--- What this task involves ---
As the answer, give exactly the lines of the records below from the one with "Le canapé-lit Igone" through the one with "По окончании богослужения", ends included and pictures left out.

--- Record set ---
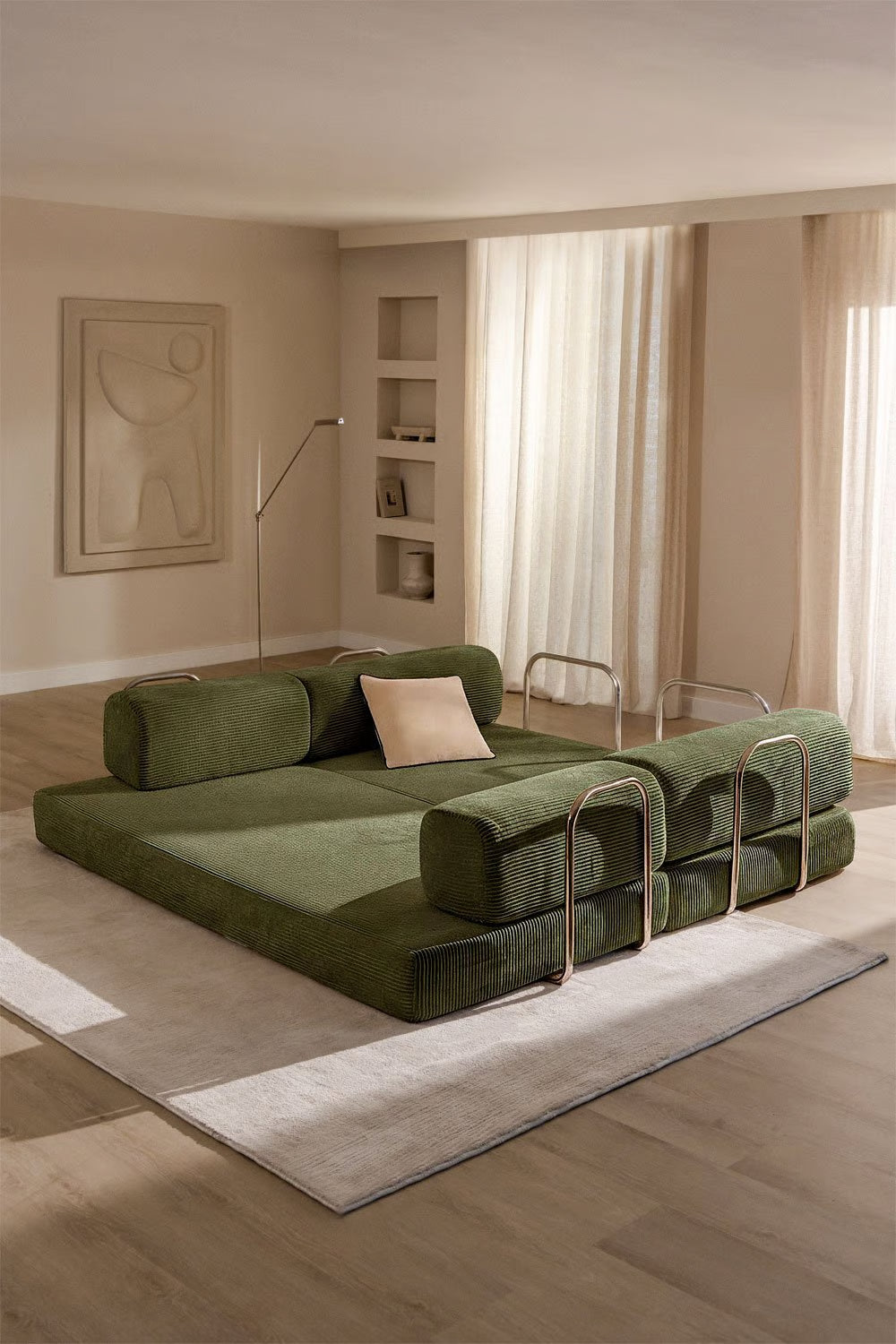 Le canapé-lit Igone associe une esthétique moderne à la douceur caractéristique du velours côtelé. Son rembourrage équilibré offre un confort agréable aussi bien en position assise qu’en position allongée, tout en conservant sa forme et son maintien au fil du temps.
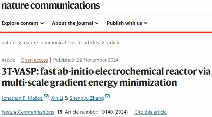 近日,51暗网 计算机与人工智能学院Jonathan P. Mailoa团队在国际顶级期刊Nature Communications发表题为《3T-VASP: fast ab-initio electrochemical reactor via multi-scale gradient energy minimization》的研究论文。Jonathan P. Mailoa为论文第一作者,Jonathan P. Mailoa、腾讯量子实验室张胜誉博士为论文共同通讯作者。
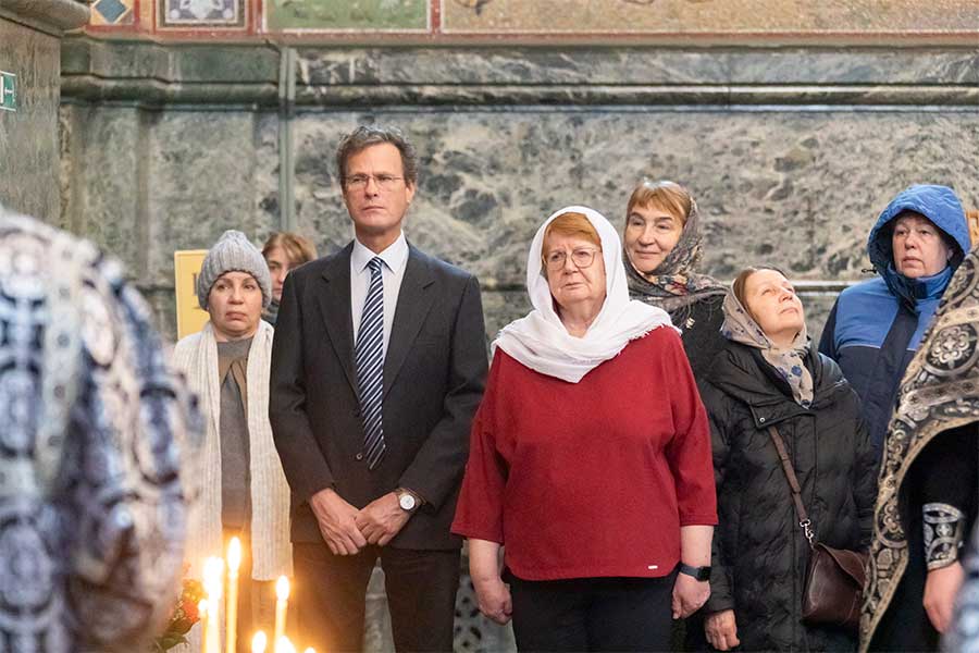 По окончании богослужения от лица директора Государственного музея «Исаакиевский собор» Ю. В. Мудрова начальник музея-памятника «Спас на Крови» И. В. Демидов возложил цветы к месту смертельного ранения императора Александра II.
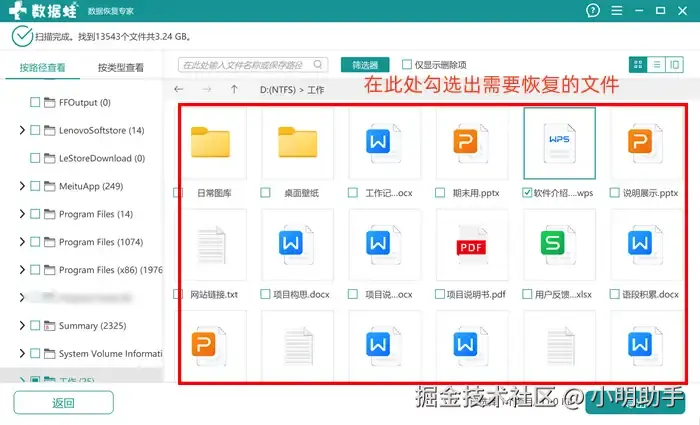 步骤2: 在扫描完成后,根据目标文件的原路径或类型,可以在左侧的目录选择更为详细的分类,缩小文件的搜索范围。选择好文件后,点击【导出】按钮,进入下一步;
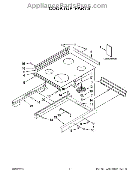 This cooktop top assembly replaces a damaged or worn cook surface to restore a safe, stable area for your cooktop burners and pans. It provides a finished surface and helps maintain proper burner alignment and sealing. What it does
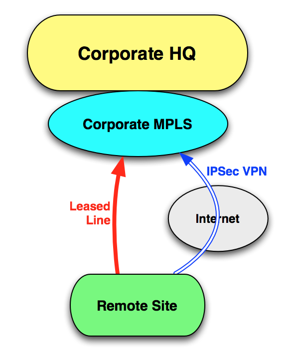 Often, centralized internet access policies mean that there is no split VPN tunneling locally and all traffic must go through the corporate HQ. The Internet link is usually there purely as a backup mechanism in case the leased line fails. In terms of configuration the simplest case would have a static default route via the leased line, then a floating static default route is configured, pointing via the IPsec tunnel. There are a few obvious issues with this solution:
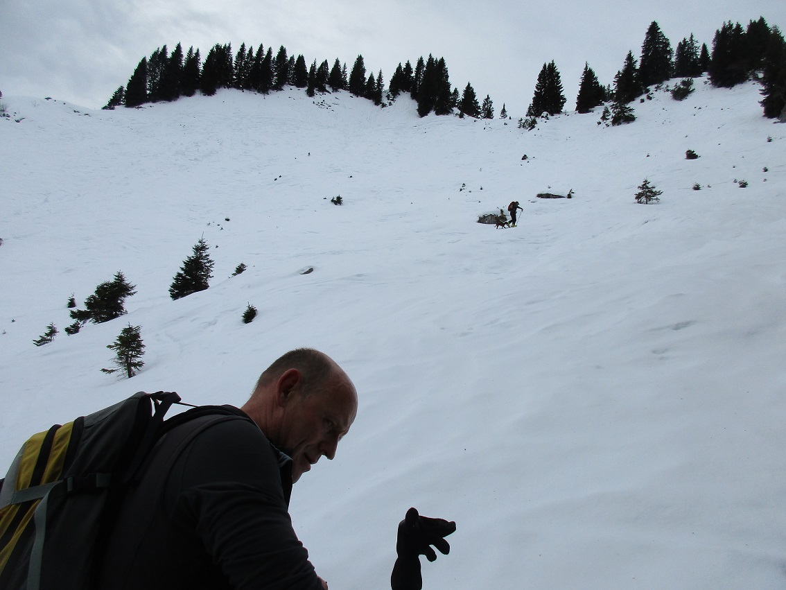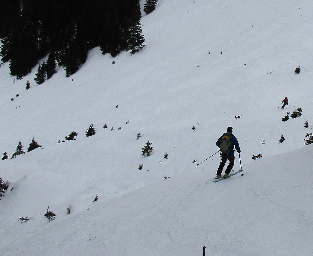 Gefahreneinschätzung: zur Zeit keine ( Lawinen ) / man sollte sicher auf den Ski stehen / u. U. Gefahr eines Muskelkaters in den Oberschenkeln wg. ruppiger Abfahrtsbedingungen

---

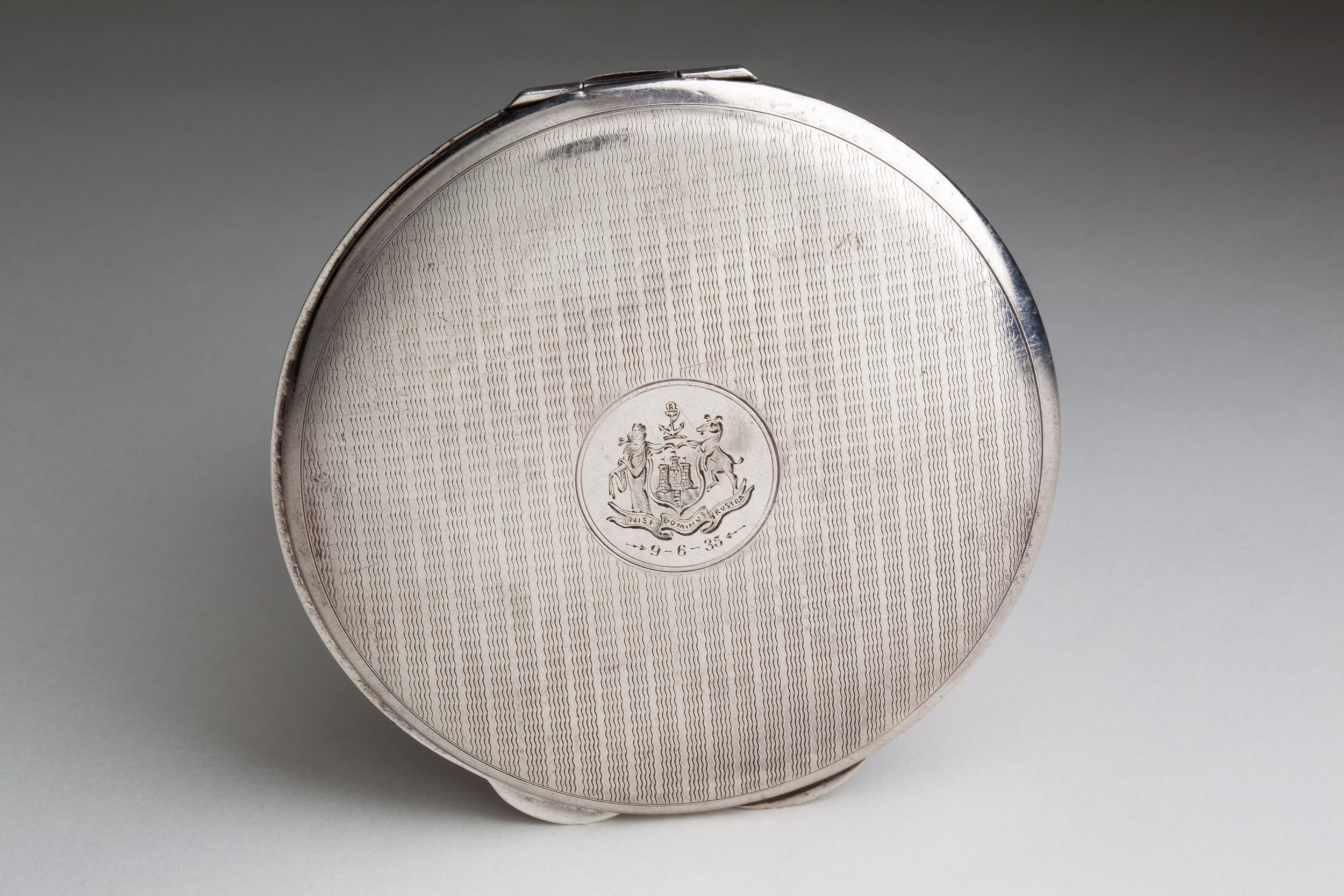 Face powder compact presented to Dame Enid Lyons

==

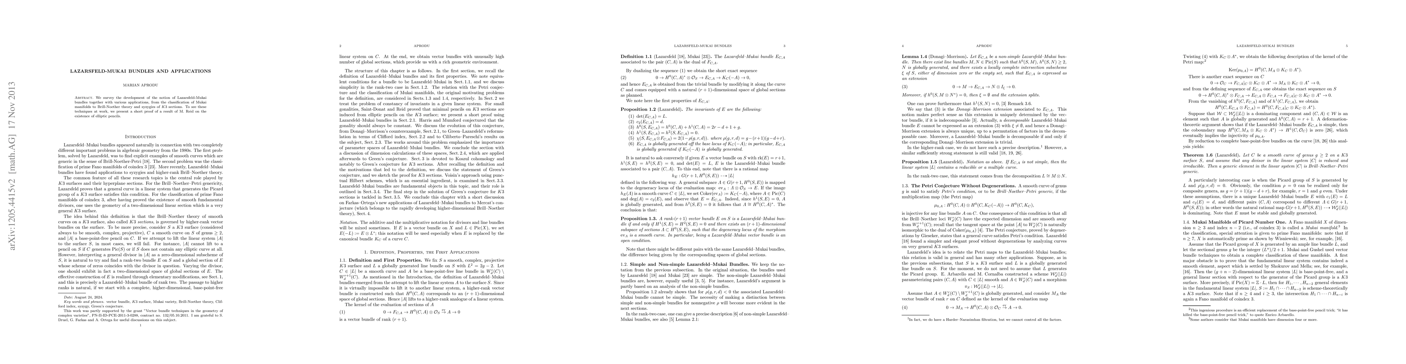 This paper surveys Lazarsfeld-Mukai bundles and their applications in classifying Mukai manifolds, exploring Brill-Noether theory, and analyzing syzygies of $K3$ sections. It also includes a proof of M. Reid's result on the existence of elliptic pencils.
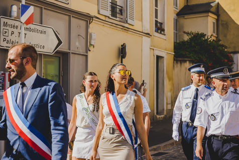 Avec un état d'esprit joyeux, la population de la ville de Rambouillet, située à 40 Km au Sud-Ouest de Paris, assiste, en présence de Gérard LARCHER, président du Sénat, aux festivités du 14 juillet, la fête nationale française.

--- Reply to the exercise ---
 Le canapé-lit Igone associe une esthétique moderne à la douceur caractéristique du velours côtelé. Son rembourrage équilibré offre un confort agréable aussi bien en position assise qu’en position allongée, tout en conservant sa forme et son maintien au fil du temps.
 近日,51暗网 计算机与人工智能学院Jonathan P. Mailoa团队在国际顶级期刊Nature Communications发表题为《3T-VASP: fast ab-initio electrochemical reactor via multi-scale gradient energy minimization》的研究论文。Jonathan P. Mailoa为论文第一作者,Jonathan P. Mailoa、腾讯量子实验室张胜誉博士为论文共同通讯作者。
 По окончании богослужения от лица директора Государственного музея «Исаакиевский собор» Ю. В. Мудрова начальник музея-памятника «Спас на Крови» И. В. Демидов возложил цветы к месту смертельного ранения императора Александра II.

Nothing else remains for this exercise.